I am using this scrapy code snippet to render javascript code of the website that I want to crawl data from. The site is a video search engine and the search results is rendered by javascript. I want to follow the next page link and scrap the whole searched items. Following is my spider code:
class VideoSpider(BaseSpider):
name = "VideoSpider"
allowed_domains = ["domain.com"]
start_urls = ['video search results link']
def parse(self, response):
hxs = HtmlXPathSelector(response)
video_items = hxs.select("//ul[@id='results-list']/li[@class='result']")
#items = []
for vi in video_items:
item = VideoItem()
link = vi.select("a[@class='result-link']/@href").extract()[0]
title = vi.select("a[@class='result-link']/@title").extract()[0]
#print title,link
item['title'] = title
item['url'] = link
yield item
next_page = hxs.select("//div[@id='page']/a")
for np in next_page:
next_url = np.select("@href").extract()
if next_url:
url = urlparse.urljoin(response.url, next_url[0])
#url = response.url, str(next_page)
self.log("find next page url: %s"%url, log.INFO)

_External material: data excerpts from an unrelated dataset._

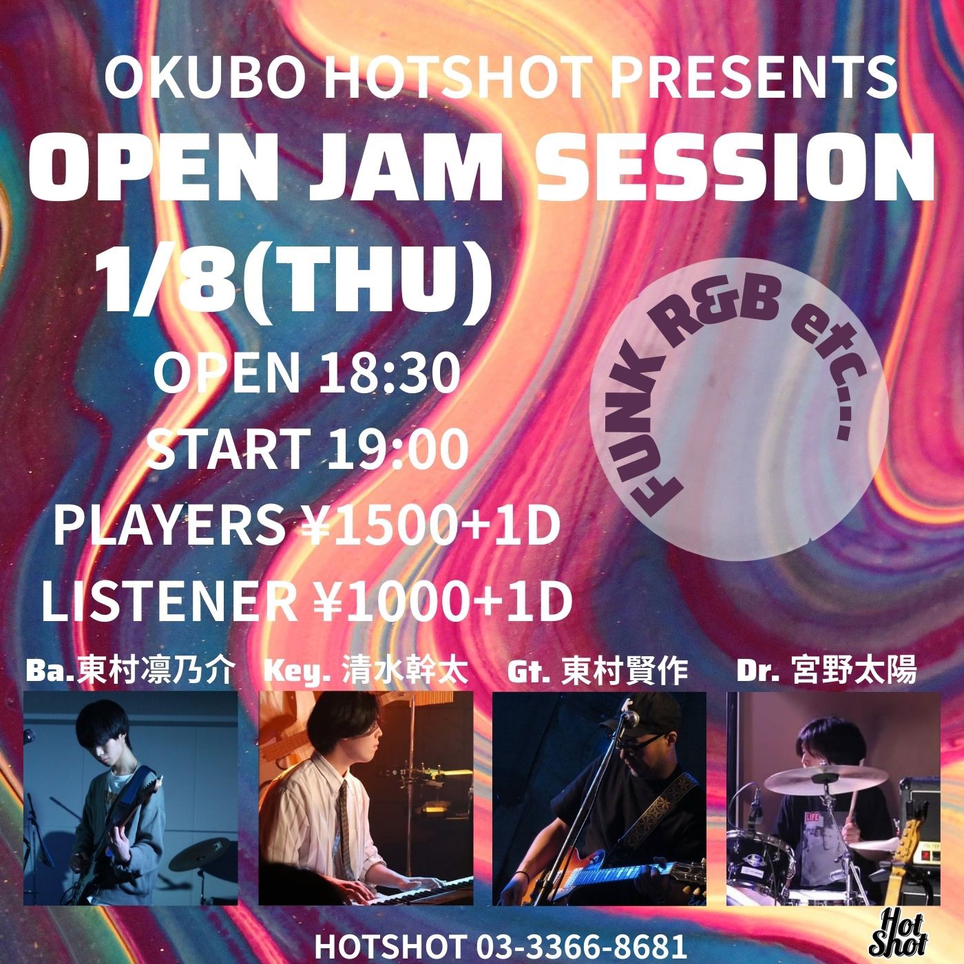 ファンク・R&B好き集合!! 大久保HOTSHOTでファンク・R&Bセッションが毎月第一木曜日に開催! 初心者から上級者まで大歓迎です。 OPEN:18:30/START:19:00 演奏者:¥1,500+1D 見学者:¥1,000+1D
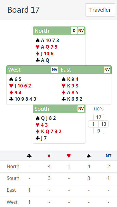 4♠ was a more common contract. East has a horrible lead against that round to a strong NT – I’d probably start with a low trump in the hope of not giving anything away. The trouble is East will get back in and be in trouble again! He can’t lead clubs without giving a trick to ♣Q – but eventually declarer will be able to set his long diamonds up and discard the ♣Q on them anyway. So he should end up losing ♠K, ♥K and ♦A and make 10 tricks (he can discard one more heart on the long diamonds and ruff the 4th heart in the South hand).
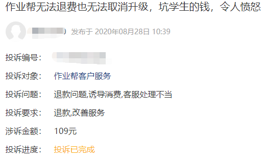 在投訴網站上,作業(yè)幫也被頻繁投訴。根據黑貓投訴網站統(tǒng)計,關于作業(yè)幫的投訴三百多條,涉及退費、扣費、服務等方方面面。
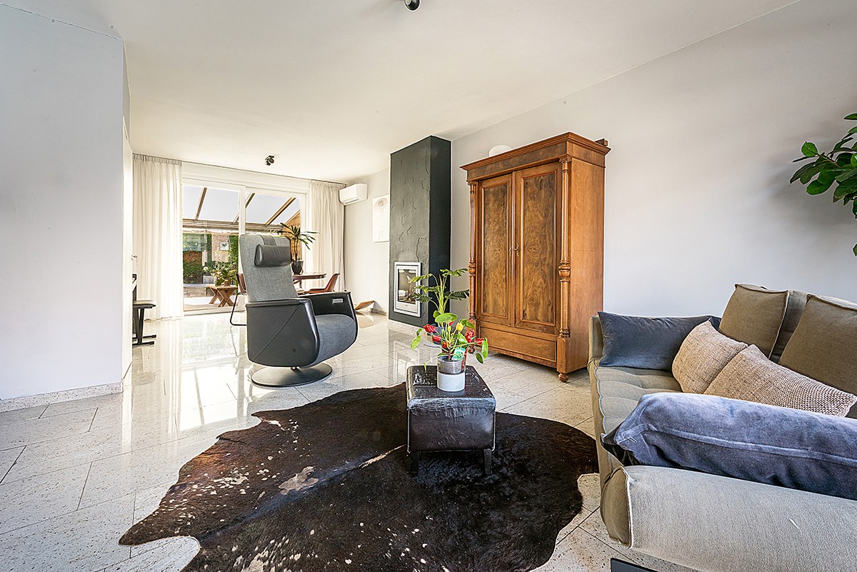 Doorzonwoonkamer ca. 7.52 x 3.60 met granieten vloer, gashaard, airco, muurkast en schuifpui naar het overdekte terras.
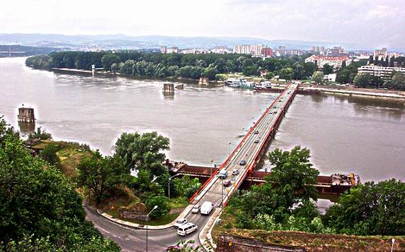 Die erste von der Nato zerschossene Brücke in Novi Sad befand sich im Aufbau. Der Jachthafen ist direkt davor in einem Hafenbecken am linken Ufer. Boote bis 5 m Länge sind da vielleicht gut untergebracht. Wir versuchten an einem schrottreifen, hier verlassen abgestellten Hausboot anzulegen: Sofort kam einer angerannt und verlangte 50 Euro. Wir legten ab und fanden einen kurzen Kopfsteiger in einer kleinen Anlage unterhalb der Brücke im Strom. Da die Pontonbrücke erst Samstagnacht wieder geöffnet wurde, waren wir verschont vom Schwell der Berufsschifffahrt.

yield Request(url, callback=self.parse)
I found that the link in the start_urls is correctly downloaded and rendered properly like this:
<ul id="results-list" class="clearfix" static="bl=normal">
<li class="result" href="" </li>
<li class="result" href="" </li>
<li class="result" href="" </li>
....
Therefore the extracting is successful on the first page while when the next page links is fetched the javascript is not rendered like this:
<ul id="results-list" class="clearfix" static="bl=normal"></ul>
<div id="loading">trying to load page for you, please be patient</div>
So the scraping stopped because it can not extract the links as a result of the results-list is not rendered.Why the first page is rendered properly but the second is not? Should I use selenium instead of webkit and jswebkit?
Finally I figure out the problem. Some url are not properly formed.